WHAT YOU SHOULD DO: Beginning with the first line, retype exactly the records below up to and including the line with "Le panier rond"; pictures do not belong in the copy.

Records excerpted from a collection

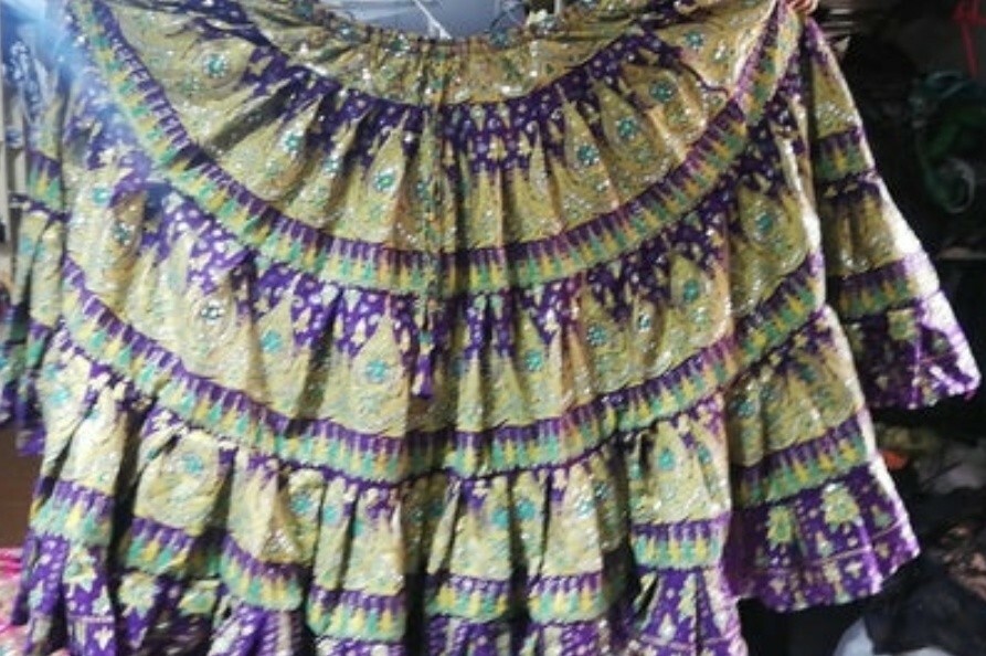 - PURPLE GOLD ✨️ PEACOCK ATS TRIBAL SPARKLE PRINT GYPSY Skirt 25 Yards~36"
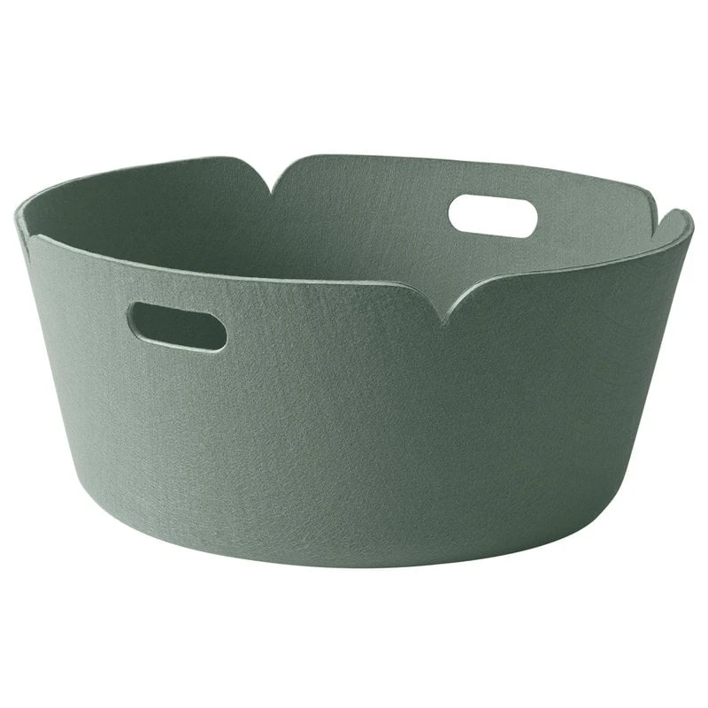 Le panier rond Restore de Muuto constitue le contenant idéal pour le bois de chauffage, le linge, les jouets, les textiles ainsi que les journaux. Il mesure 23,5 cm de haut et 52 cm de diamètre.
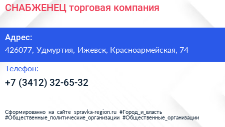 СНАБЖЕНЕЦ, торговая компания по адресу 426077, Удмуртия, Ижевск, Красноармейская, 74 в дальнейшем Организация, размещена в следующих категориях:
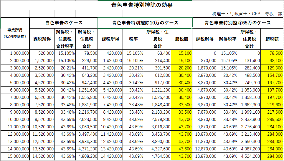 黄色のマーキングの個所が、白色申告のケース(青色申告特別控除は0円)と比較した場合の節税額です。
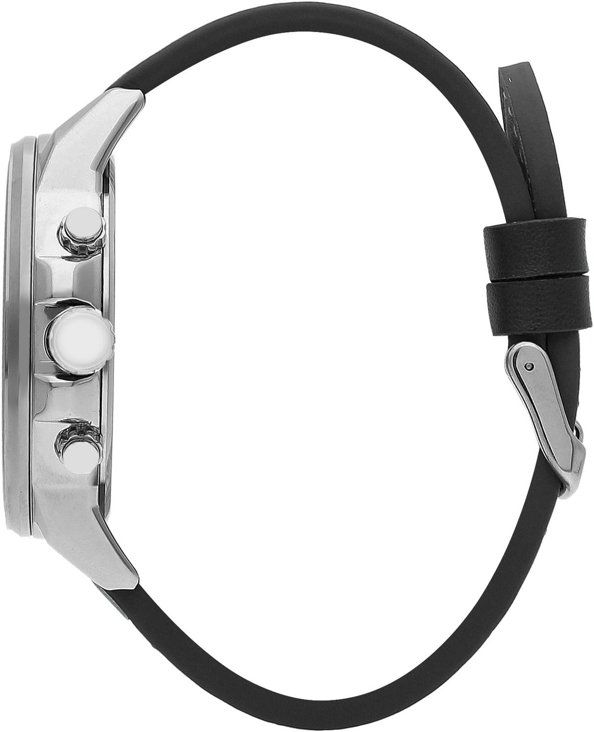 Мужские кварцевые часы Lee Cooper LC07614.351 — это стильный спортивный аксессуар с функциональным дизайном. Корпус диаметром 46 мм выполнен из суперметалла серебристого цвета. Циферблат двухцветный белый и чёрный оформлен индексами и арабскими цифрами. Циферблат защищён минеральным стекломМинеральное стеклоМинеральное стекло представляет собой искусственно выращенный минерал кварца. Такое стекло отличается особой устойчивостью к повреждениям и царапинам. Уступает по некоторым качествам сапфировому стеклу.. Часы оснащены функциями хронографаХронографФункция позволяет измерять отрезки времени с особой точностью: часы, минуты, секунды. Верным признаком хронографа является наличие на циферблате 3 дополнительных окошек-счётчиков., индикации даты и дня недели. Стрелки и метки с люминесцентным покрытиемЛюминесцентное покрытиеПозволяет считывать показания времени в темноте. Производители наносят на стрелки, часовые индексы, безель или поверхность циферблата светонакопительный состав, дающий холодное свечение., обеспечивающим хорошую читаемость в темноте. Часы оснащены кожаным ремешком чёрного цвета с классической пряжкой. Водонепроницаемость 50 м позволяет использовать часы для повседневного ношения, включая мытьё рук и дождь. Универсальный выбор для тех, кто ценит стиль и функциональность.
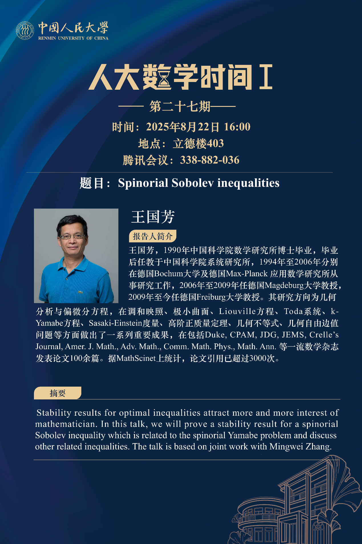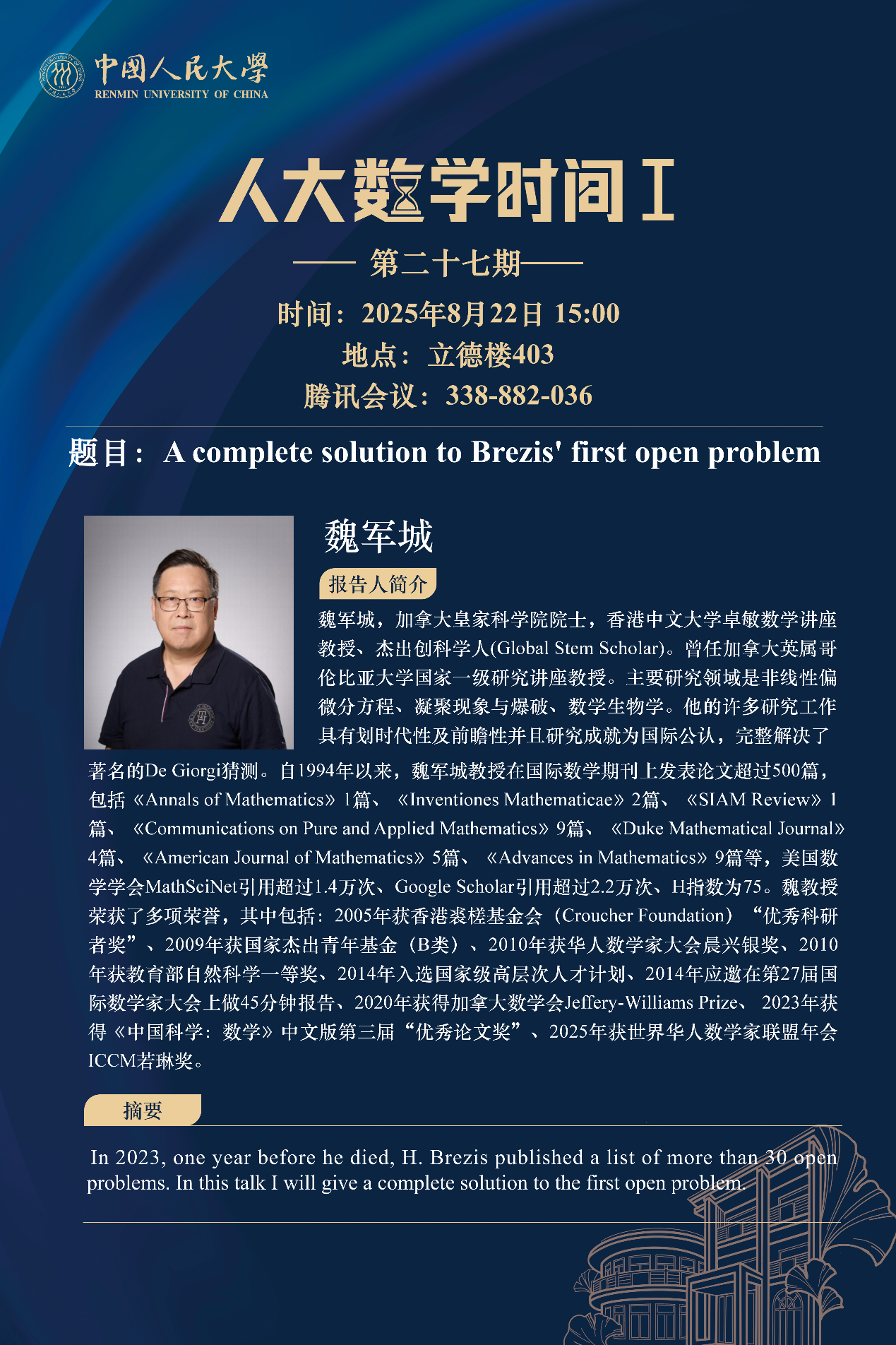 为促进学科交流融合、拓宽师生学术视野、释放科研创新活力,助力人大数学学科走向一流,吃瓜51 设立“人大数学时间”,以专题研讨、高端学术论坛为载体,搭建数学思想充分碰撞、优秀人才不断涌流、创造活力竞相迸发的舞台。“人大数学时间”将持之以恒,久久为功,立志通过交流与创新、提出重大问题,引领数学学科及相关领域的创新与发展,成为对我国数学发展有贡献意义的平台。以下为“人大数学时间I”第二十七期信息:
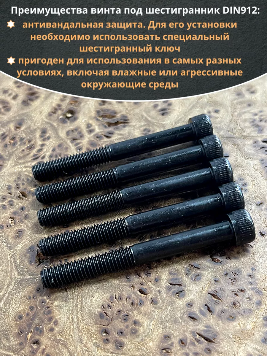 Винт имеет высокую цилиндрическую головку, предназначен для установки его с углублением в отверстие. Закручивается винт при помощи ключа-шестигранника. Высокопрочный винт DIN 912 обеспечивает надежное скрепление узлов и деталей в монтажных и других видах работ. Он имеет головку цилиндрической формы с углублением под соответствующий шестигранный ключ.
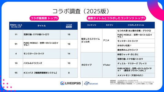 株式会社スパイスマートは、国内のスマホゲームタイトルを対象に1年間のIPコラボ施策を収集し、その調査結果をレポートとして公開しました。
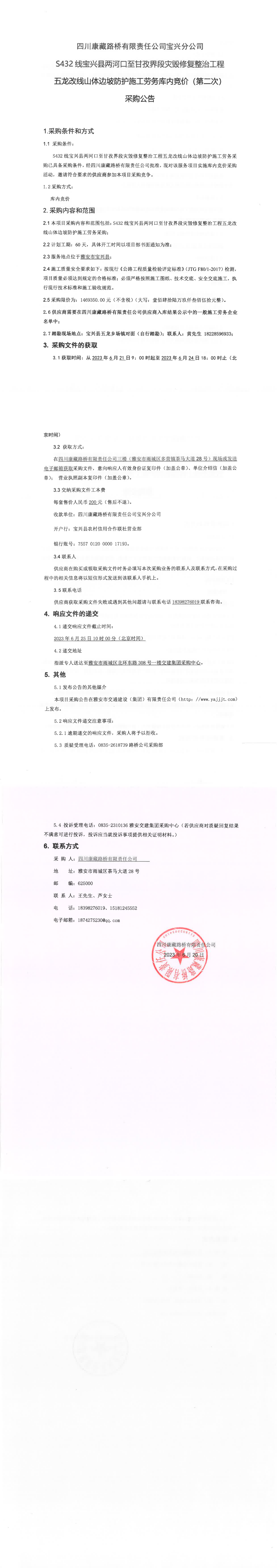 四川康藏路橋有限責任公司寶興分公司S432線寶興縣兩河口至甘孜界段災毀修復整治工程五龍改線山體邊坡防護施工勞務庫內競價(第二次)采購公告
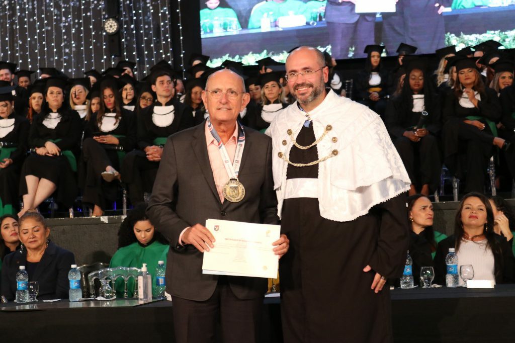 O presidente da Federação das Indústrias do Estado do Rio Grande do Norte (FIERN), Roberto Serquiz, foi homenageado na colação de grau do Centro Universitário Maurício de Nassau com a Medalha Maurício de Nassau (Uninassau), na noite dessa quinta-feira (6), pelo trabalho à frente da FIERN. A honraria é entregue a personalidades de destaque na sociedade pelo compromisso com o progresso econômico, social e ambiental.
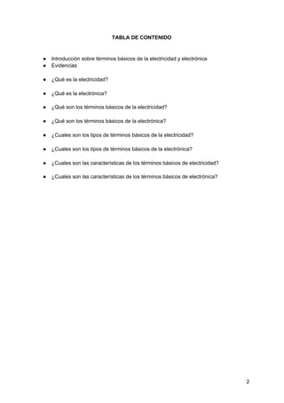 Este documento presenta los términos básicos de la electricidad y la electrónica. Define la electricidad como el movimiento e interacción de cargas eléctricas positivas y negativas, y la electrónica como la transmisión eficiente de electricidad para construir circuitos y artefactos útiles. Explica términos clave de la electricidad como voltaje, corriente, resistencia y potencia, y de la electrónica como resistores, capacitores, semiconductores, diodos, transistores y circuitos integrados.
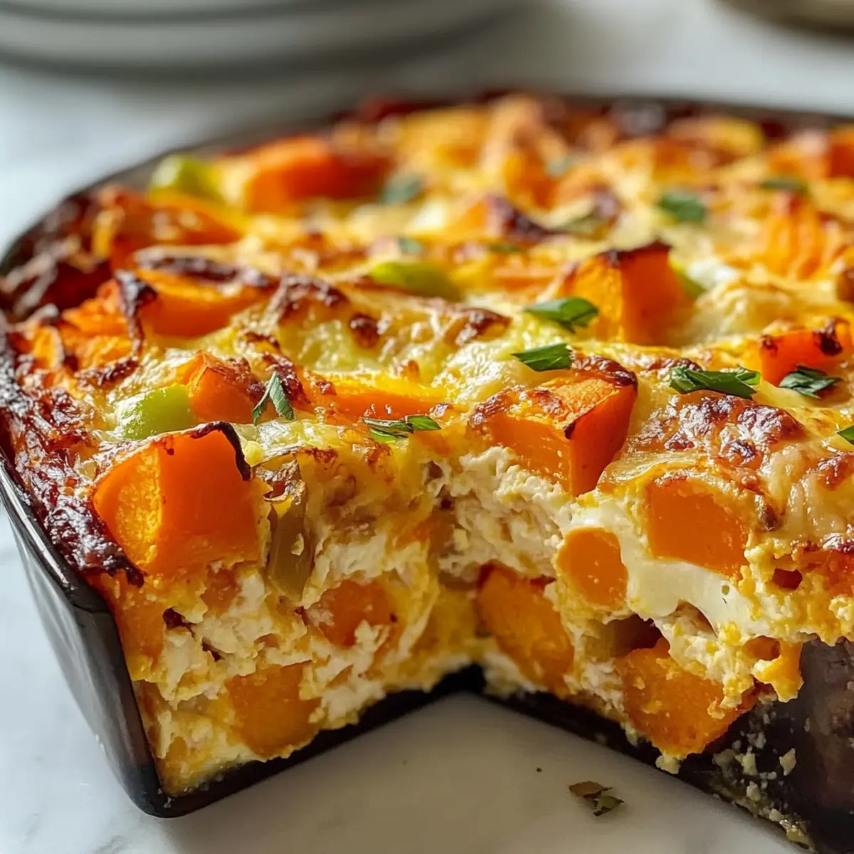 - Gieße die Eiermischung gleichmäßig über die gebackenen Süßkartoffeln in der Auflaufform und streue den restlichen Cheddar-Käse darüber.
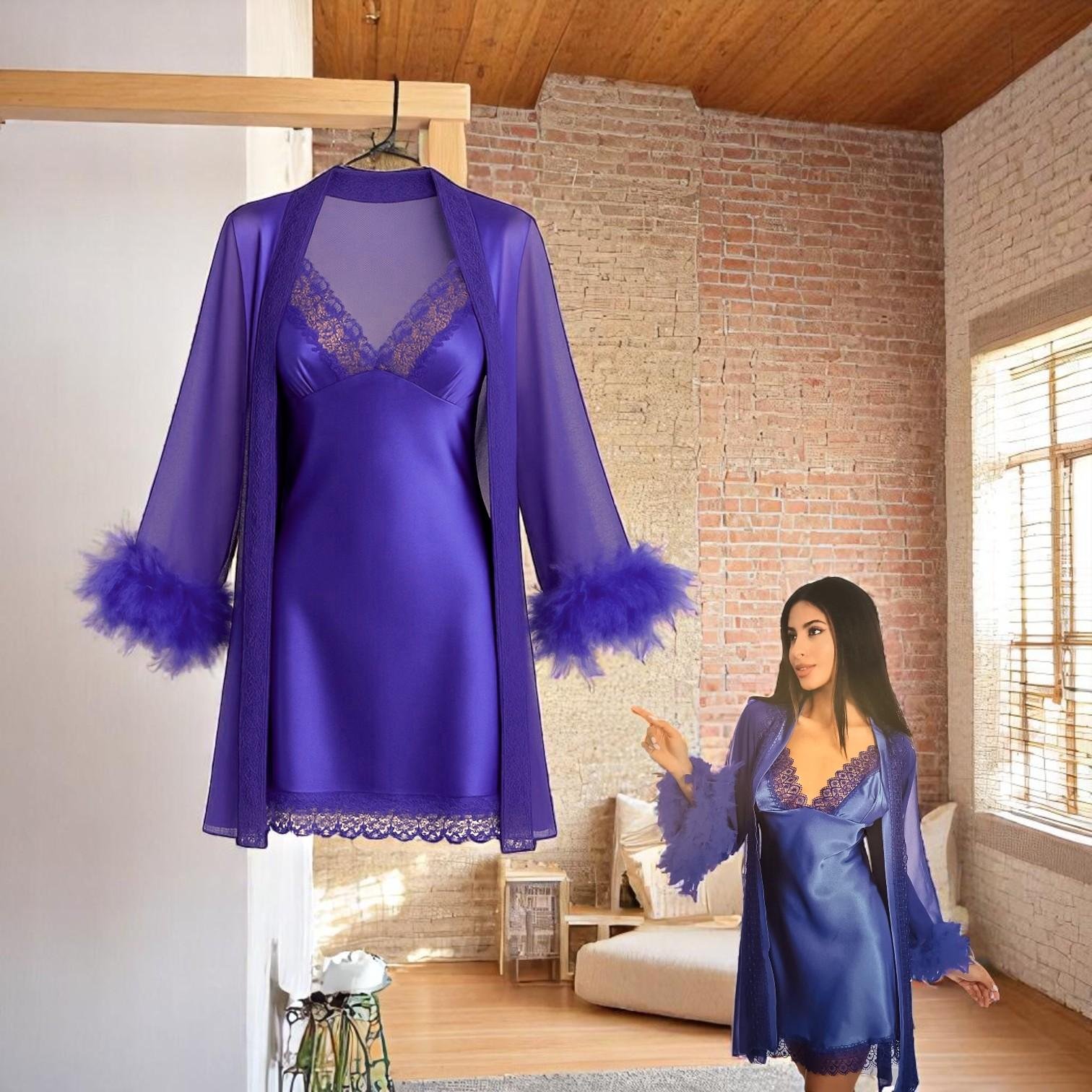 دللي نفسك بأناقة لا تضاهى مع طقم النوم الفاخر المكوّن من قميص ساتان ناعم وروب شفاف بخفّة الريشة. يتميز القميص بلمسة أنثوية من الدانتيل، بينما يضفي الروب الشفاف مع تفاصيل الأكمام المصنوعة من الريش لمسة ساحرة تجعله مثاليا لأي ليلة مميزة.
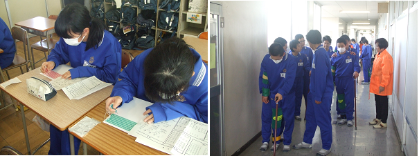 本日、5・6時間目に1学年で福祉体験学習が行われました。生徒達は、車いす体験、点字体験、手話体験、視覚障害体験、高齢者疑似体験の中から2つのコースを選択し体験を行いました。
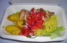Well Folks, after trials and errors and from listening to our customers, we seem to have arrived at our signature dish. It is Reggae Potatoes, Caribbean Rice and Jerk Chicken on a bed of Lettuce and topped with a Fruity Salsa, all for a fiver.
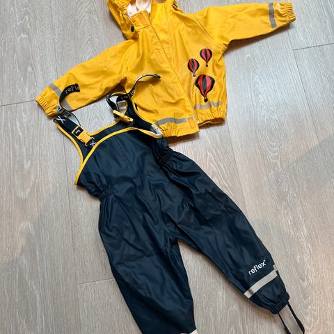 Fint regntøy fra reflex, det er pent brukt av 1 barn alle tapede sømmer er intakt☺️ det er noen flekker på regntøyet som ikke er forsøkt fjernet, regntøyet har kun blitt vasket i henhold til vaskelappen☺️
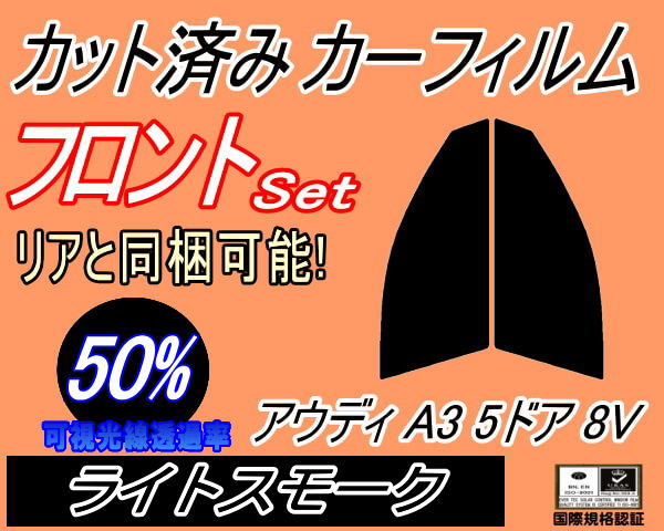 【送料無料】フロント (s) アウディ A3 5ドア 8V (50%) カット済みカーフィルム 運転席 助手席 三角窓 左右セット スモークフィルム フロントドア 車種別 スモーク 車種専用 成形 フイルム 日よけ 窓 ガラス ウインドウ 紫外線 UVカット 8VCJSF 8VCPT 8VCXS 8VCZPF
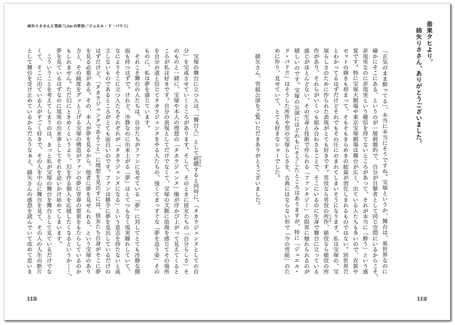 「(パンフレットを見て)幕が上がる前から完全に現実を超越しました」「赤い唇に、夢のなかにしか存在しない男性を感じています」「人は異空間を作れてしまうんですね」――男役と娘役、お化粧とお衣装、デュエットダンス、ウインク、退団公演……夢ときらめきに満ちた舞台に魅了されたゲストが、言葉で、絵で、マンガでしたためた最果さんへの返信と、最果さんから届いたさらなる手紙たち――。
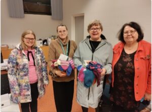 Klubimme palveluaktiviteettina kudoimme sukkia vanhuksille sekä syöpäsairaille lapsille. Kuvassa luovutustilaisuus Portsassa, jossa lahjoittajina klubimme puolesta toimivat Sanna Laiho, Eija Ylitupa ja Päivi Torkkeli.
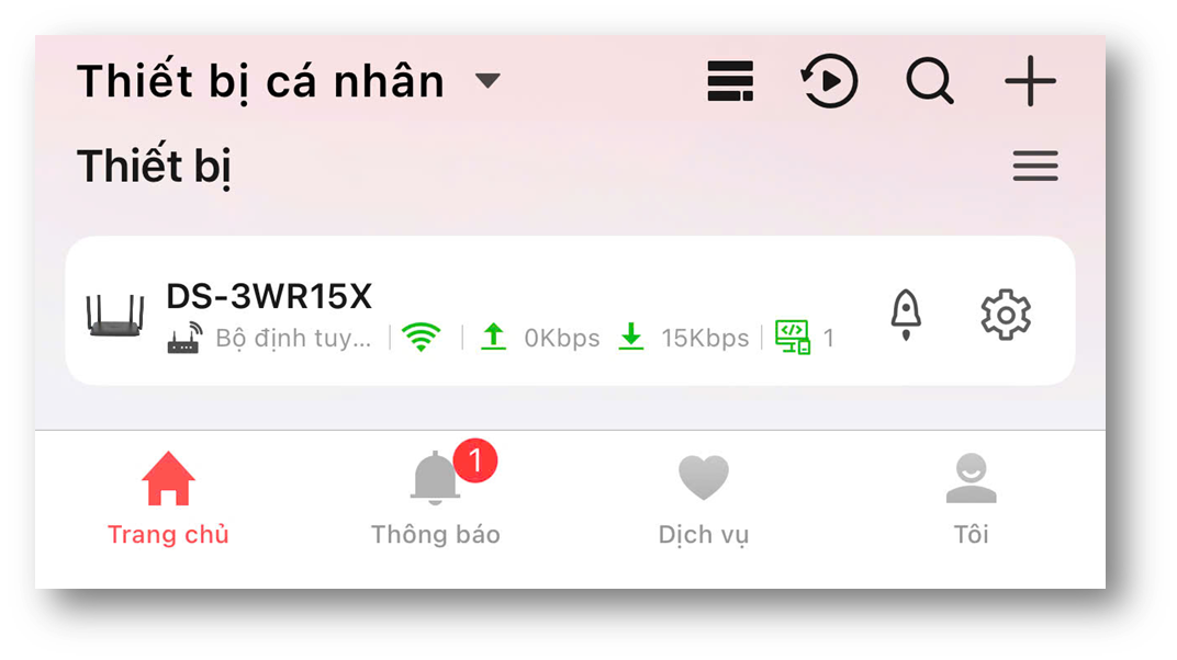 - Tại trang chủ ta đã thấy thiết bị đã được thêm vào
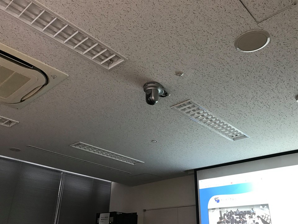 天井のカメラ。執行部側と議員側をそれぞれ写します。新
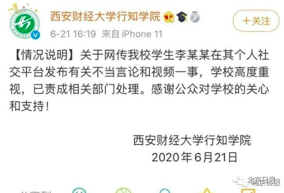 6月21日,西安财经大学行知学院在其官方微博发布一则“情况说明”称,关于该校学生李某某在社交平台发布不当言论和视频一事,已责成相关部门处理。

TASK SOLUTION:
 - PURPLE GOLD ✨️ PEACOCK ATS TRIBAL SPARKLE PRINT GYPSY Skirt 25 Yards~36"
 Le panier rond Restore de Muuto constitue le contenant idéal pour le bois de chauffage, le linge, les jouets, les textiles ainsi que les journaux. Il mesure 23,5 cm de haut et 52 cm de diamètre.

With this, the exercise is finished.